USDA may be willing to give a borrower an exception to a past bankruptcy or foreclosure prior to the three year period provided the borrower can document the cause of the past negative credit experience as being related to an illness or job loss and unlikely to reoccur.

Once the credit score exceeds 640, USDA allows this score to be considered as justification for allowing the borrowers debt-to-income-ratio to exceed the target ratios of 29% for the housing costs and 41% for the total debt ratio. Frequently USDA will approve loans where the housing ratios are in the high 30% range and total debt ratios are in the high 40% range.
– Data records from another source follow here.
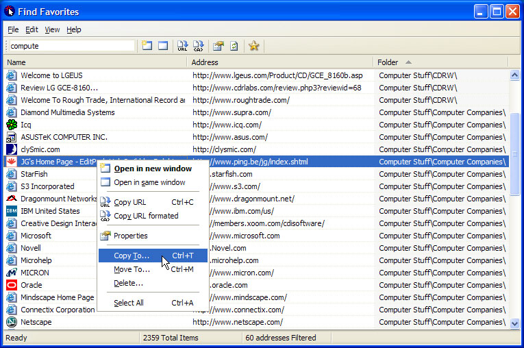 Det er et lille program, der har en oversigt over dine foretrukne, som du kan søge i. Programmet søger både i navn, webadressen og navnet på den mappe i foretrukne, som linket ligger i.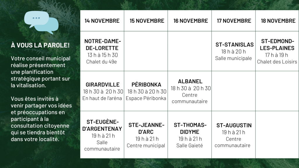 Au menu de ce grand chantier : diagnostics, consultations publiques, consultations thématiques, exercices de priorisation, trajectoires et plans d’actions. L’échéancier est serré; tout devrait se terminer au plus tard à la mi-janvier 2023. Pour réaliser ces planifications, nous sommes accompagnés par une équipe de 6 personnes de la firme Espace Stratégies. Il nous faut sortir de notre zone de confort, redécouvrir la richesse de notre territoire et miser sur ce que nous avons de plus attractif, accessible et démographiquement « rentable » pour assurer notre avenir.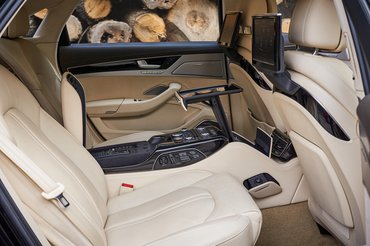 Persze egy hosszú A8-ban az igazi királykodás nem elöl folyik, a jobb hátsó ülés a főhely. Innen gombnyomásra előre hajtható az anyósülés, amelynek hátából kárpitozott lábtartó hajlik le. Így csak háromszemélyes az A8, viszont kinyújtott lábbal pihenhet a VIP. Bár a legritkább extra, a pezsgőhűtő ebből a kocsiból hiányzik, már így is elképesztő a felszereltség. Bal hátul például egy bőrözött fiókban 230V-os csatlakozó várja a titkár laptopját, jobb oldalon szivargyújtó van ugyanott, kettejük között pedig klíma- és hifivezérlő panelt helyeztek el, amihez saját kijelző tartozik az első ülések háttámláján. Megvilágított piperetükör jár minden utasnak, a kihajtható asztalka pedig olyan minőségű, amilyet nálunk pórnépeknél otthon sem találni, nemhogy kocsiban.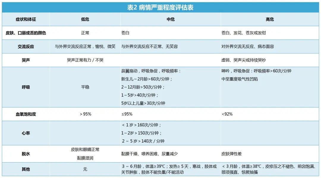 注:存在高危中任意一項(xiàng)表現(xiàn),即判定為高危;存在中危中任意一項(xiàng)但無高危表現(xiàn),即判定為中危。低危的發(fā)熱兒童可在家中護(hù)理;中危的發(fā)熱兒童,應(yīng)盡快就診;高危的發(fā)熱兒童,應(yīng)立即就診。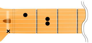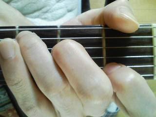 また、×がついている6弦は鳴らさないという意味なので今度は逆に親指で軽く触れておきます(写真参照)。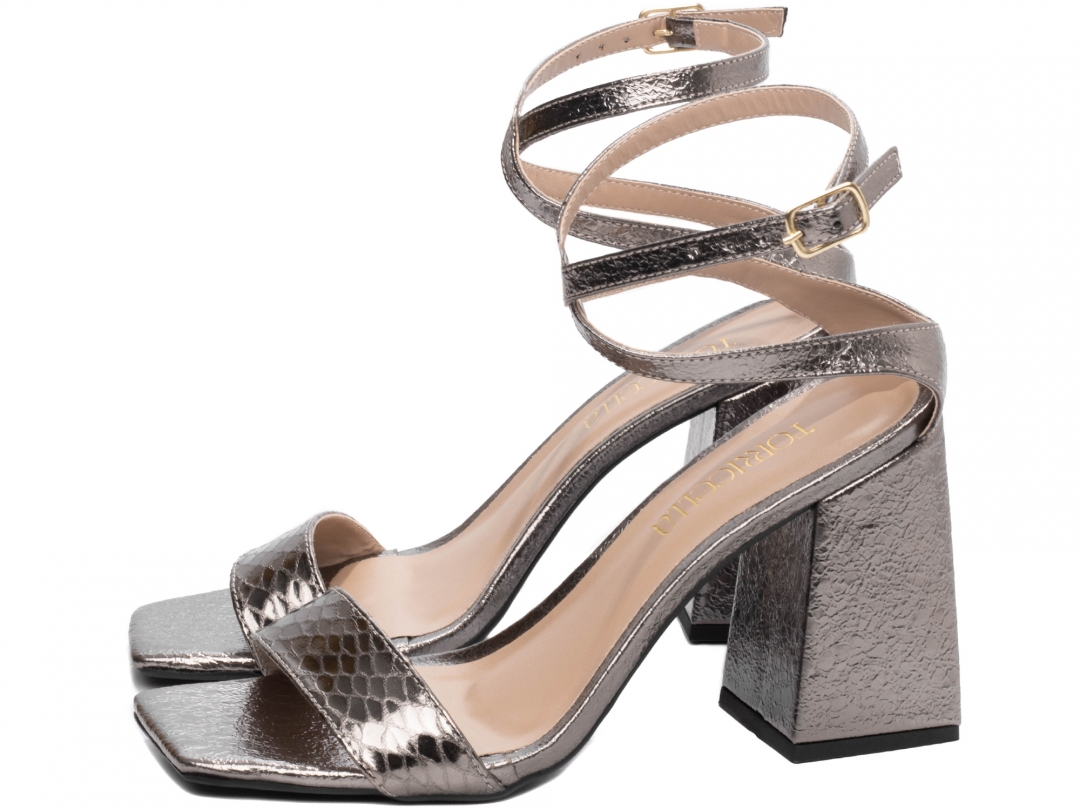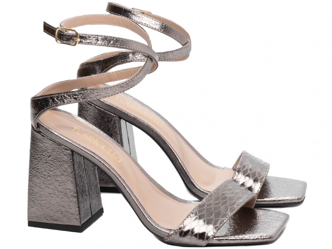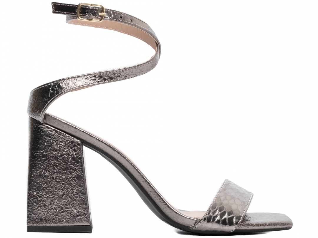 Salto: Grosso com 9 cm de Altura Revestido em Napa Metalizado Prata Velho.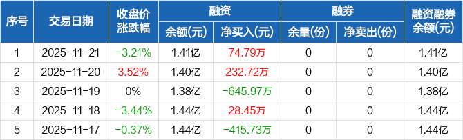 融资方面,当日融资买入1672.78万元,融资偿还1597.99万元,融资净买入74.79万元。融券方面,融券卖出0份,融券偿还0份,融券余量0份,融券余额0元。融资融券余额合计1.41亿元。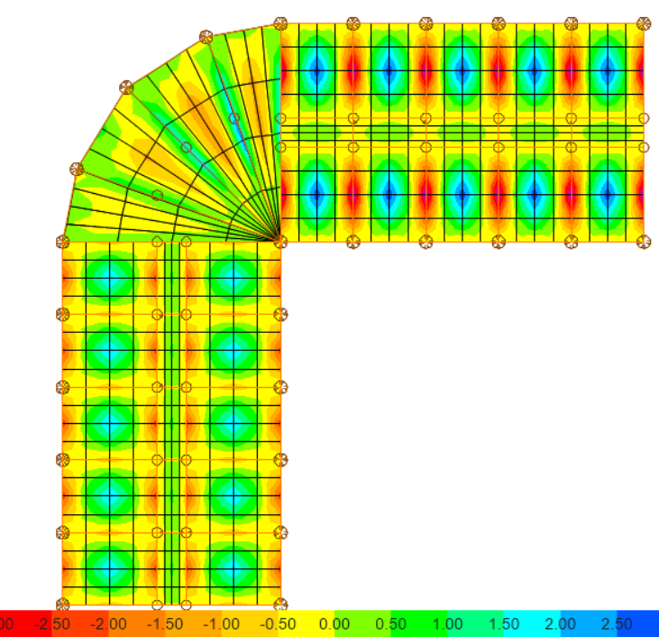 Shell moment is the internal force that occurs in the plate and wall (shell) structural elements caused by a combination of external loads. bending moment M11 is the force that occurs in the direction of the local axis 1 of the frame. It can be seen that the bending moments are marked with different colors. starting from purple which represents the largest negative moment and dark blue which represents the largest positive moment.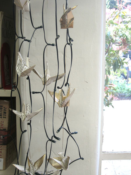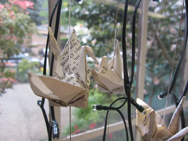 In the Teen division, Mollie S. took top honors with her mobile titled “The Flight of Words,” featuring gilded paper cranes folded from book pages, hanging from the book body along with solar-powered string lights. Our judges liked the lights and the fact that the cranes are peace symbols folded from a book about war (“The Guns of Navarone”).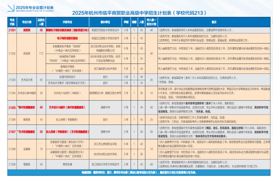 2025 年,臨平商貿職高招生規模達 14 個班,其中包含 2 個職普融通班(美術類、藝術類),涵蓋 9 個細分類別,共計招生人數 558人。學校堅持“以學生為中心” 的教育理念,依托雄厚的師資力量、先進的教學設施與豐富的實踐資源,為每一位學子提供優質的教育服務。(杭州市臨平商貿職業高級中學)

Bottom line the Kentucky USDA Rural Development Loan Program is more flexible in approving a perspective borrower than any other loan program. But like any loan program today, the Loan Officer shouldn't assume that this level of credit flexibility will result in an automatic positive underwriting decision if the Underwriter doesn't feel strongly that the borrowers chance of success at homeownership is strong.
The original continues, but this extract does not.